Do you mean that none of those lines threw an exception? Even

print(array.array('f', (10*x[i] for x in positions)))

does not throw an exception, but

data = array.array('f', (10*x[i] for x in positions))

does? If so I'm totally confused about what could possibly be happening.

mljchen102 commented 2 months ago

Separate question. I'm trying out OpenMM version 7.7 with python version 3.9 to see if it would change anything. I'm getting "segmentation fault (core dumped)" issues randomly while the simulation is running. Is there a way to fix it?

I've also tried reinstalling my cuda driver, removing all openmm environments and reinstalling a new environment but these haven't worked either. I don't know if I should reinstall Linux or if there is anything else to try.

peastman commented 2 months ago

Segmentation fault means something is very messed up somewhere deep down. It generally indicates things like memory corruption, incompatible libraries, etc. :(

I really have no idea what's going on. You're seeing all these weird errors that haven't been reported by anyone else. Do you have any other problems like this on your computer?

mljchen102 commented 2 months ago

I'm only seeing this on my Linux computer I think. If I try running on another person's computer and in their conda environment, everything worked fine. I did try copying/transferring this other person's conda environment to mine but it didn't work. I'm also very confused what's going on. These errors would randomly pop up during the simulation, sometimes a third way through or halfway through.

peastman commented 2 months ago

It's entirely possible this is a hardware problem. Random errors that appear midway through an intensive computation are common effects of overclocking, insufficient cooling, insufficient power supply, bad memory chips, and things like that. But I'm really just guessing wildly here.

mljchen102 commented 2 months ago

What is your advice for what I should try next?

peastman commented 2 months ago

Do you see similar problems when doing other things on the same computer, especially computationally intensive tasks? Or are the problems limited to OpenMM?

mljchen102 commented 2 months ago

Right now I'm only seeing these issues show up when running OpenMM. I haven't seen any problems when running other computationally intensive tasks

peastman commented 2 months ago

Can you describe your hardware? Is it a laptop, desktop, workstation, rack mounted server? What model of CPU and GPU do you have? (The exact model number, not just a branding name like "core i7".) What size power supply do you have? Is the computer overclocked? Can you monitor the CPU temperature while the simulation runs and see if it's staying in the recommended range?

mljchen102 commented 2 months ago

I'm running on a Desktop. CPU is Intel Core i9-14900KF (24 cores, 2 threads/core). GPU is Nvidia GeForce RTX 4090. Power supply is 1000W. I don't think it is overclocked but how should I check? Yes, I can monitor the temp.

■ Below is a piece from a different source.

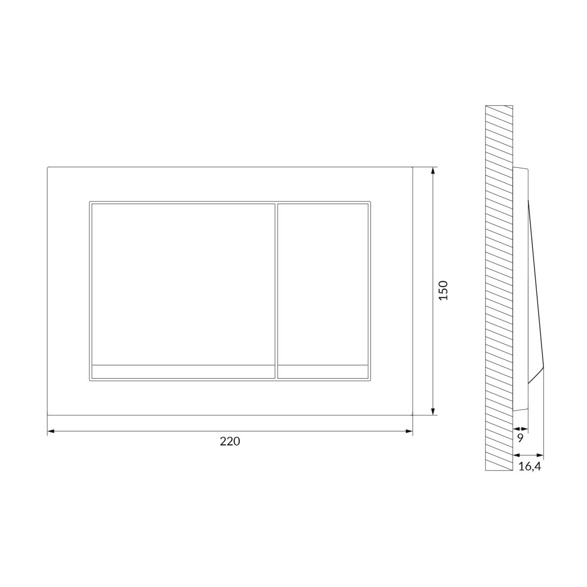 Die Taste ENTER II zeichnet sich durch ein schlichtes und ästhetisches Design aus. Das Modell verfügt über große rechteckige Tasten, die im Winkel zum Rahmen und zur Wand hervorstehen. Dank der leichten Neigung ist die Bedienung äußerst komfortabel. Die Taste ist aus Kunststoff in mattem Schwarz gefertigt. Die Taste passt zu den Unterputz-Rahmen AQUA MECH. Sie ist mit dem SYSTEM FRESH kompatibel, das in Verbindung mit der flanschlosen CleanOn-Technologie eine ideale Lösung darstellt, da das Fehlen eines Flansches die Verwendung von Erfrischungsmitteln nicht ausschließt. Diese komplette, moderne Lösung garantiert umfassende Hygiene in der Toilette. Die durchdachte Konstruktion der Taste gewährleistet eine einfache und schnelle Montage.

One thing I noticed (not sure how much it impacts the issue) but when I try nvcc --version and compared it to the cudatoolkit version installed in the conda environment, it looks like these are slightly different (11.5 vs 11.8).

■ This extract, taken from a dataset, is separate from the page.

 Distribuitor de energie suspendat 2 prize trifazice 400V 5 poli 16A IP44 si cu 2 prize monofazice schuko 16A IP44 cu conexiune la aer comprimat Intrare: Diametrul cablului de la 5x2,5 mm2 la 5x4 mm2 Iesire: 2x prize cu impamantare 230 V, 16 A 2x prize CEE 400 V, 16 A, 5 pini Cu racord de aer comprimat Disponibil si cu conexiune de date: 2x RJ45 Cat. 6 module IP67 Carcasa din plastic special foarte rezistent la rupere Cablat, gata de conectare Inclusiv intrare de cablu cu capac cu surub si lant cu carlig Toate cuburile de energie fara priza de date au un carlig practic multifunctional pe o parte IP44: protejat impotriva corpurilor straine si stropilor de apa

peastman commented 2 months ago

Just checking in on this. Did you try monitoring the CPU temperature? What did you find?

It may be significant that your CPU is one of the models affected by a microcode bug that causes crashes and permanent damage. It's entirely possible that's the cause of your problems. If so, Intel will replace your CPU.

mljchen102 commented 2 months ago

I saw temps get up to 90-100C range quite a few times.

peastman commented 2 months ago

I think my advice would be to wait for Intel to release the patch for the bug. Until then, don't run any intensive computations on that computer to avoid risking damage to it.